• Assignment
What must be written out is each line from the one holding "- Bàn làm việc" through the end of the records, word for word, minus any pictures.

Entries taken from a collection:
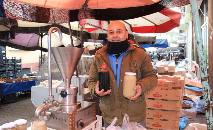 Aydın’da sıfır derecenin altına inen hava sıcaklıkları nedeniyle etkili olan soğuk hava vatandaşlar soğuktan korunmak için farklı yöntemlere başvurmaya başladı. Soğuk hava vatandaşları tahin ve pekmeze yöneltirken, vücut ısısını koruyan ve uzun süre tokluk hissi veren ürünelere talep arttı. Susam tohumunun ezilmesinden elde edilen tahin, vatandaşlar tarafından severek tüketiliyor. Genellikle içerisine pekmez karıştırılarak kış aylarında sofralarımıza gelen tahin ve pekmez karışımı tam bir şifa deposu. Bağışıklık sistemini güçlendiren ve insan vücudunu hastalıklara karşı koruyan en güçlü besinlerden olan tahin pekmez, vücudu toksinlerden arındırarak hastalıklara karşı koruyor. Pazarlarda sıcak tahin satışı yaparak geçimini sağlayan Süleyman Kabakçı, tahini vatandaşların gözü önünde ürettiklerini ve tamamen organik olduğunu ifade ederek, "Bizim ürettiğimiz yüzde yüz sadece susamdan yapılan organik sıcak tahindir. Susamın kavurmasına, işlenmesine ve yıkanmasına kadar hepsi bizim elimizden geçiyor. İçerisinde kimyasal, koruyucu ve renklendirici gibi herhangi hiç bir şey yok. Pazarlarda vatandaşların gözü önünde sıcak üretim yapıyoruz" dedi.
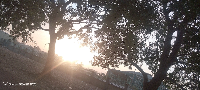 The image captures a serene sunset, diffused by two large trees framing the scene. Light flares through the leaves, casting long shadows and illuminating a landscape with a fence and a building in the background. The ground is covered with dry dirt or grass. A slight tilt suggests a low camera angle. The text "Shot on POWER P55" is present at the bottom left corner.
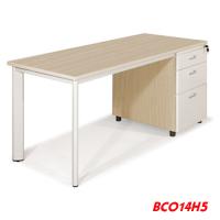 - Bàn làm việc BCO14H5 là loại bàn đơn mặt hình chữ nhật, chân ống oovan 30 x 70, hộc liền (hộc gỗ mặt sắt sơn tĩnh điện)
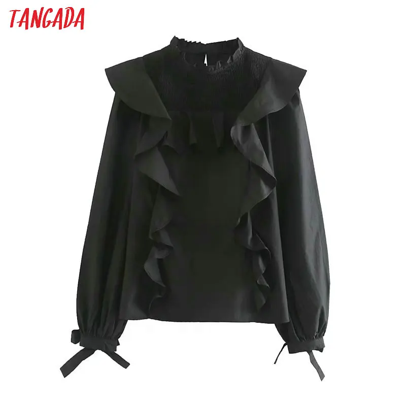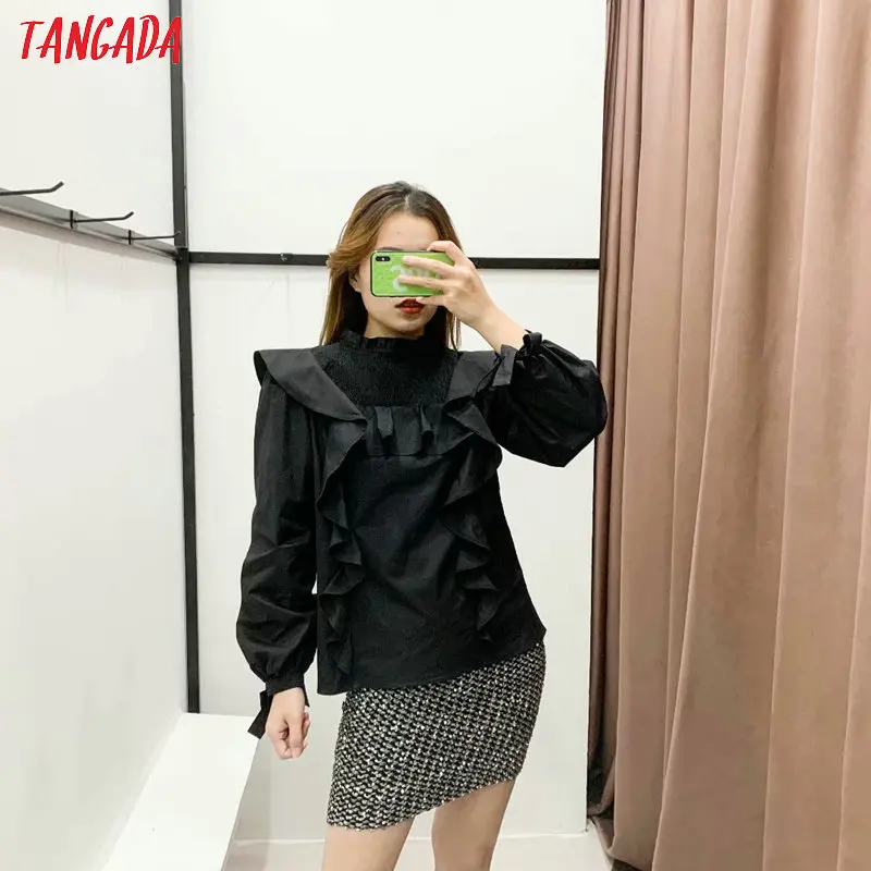 Special Offer Tangada mujer elegante volantes blusa negra manga larga cuello de pie vintage camisa femenina casual tapas blusa 4Q05 Discount 30% Today!
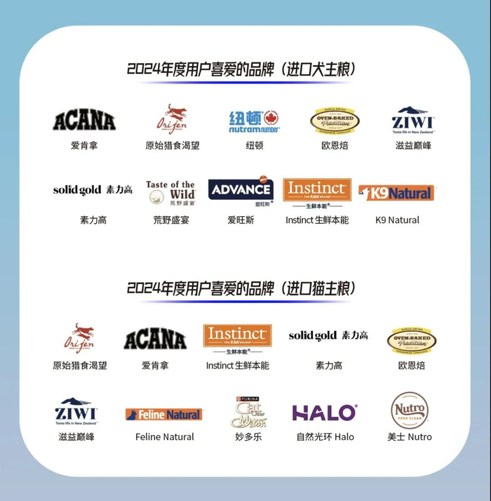 爱肯拿、原始猎食渴望、素力高、欧恩焙、滋益巅峰、Instinct生鲜本能获得了2024年度“用户喜爱的品牌(进口犬主粮)”及“用户喜爱的品牌(进口猫主粮)”两个奖项。

• Finished exercise
 - Bàn làm việc BCO14H5 là loại bàn đơn mặt hình chữ nhật, chân ống oovan 30 x 70, hộc liền (hộc gỗ mặt sắt sơn tĩnh điện)
 Special Offer Tangada mujer elegante volantes blusa negra manga larga cuello de pie vintage camisa femenina casual tapas blusa 4Q05 Discount 30% Today!
 爱肯拿、原始猎食渴望、素力高、欧恩焙、滋益巅峰、Instinct生鲜本能获得了2024年度“用户喜爱的品牌(进口犬主粮)”及“用户喜爱的品牌(进口猫主粮)”两个奖项。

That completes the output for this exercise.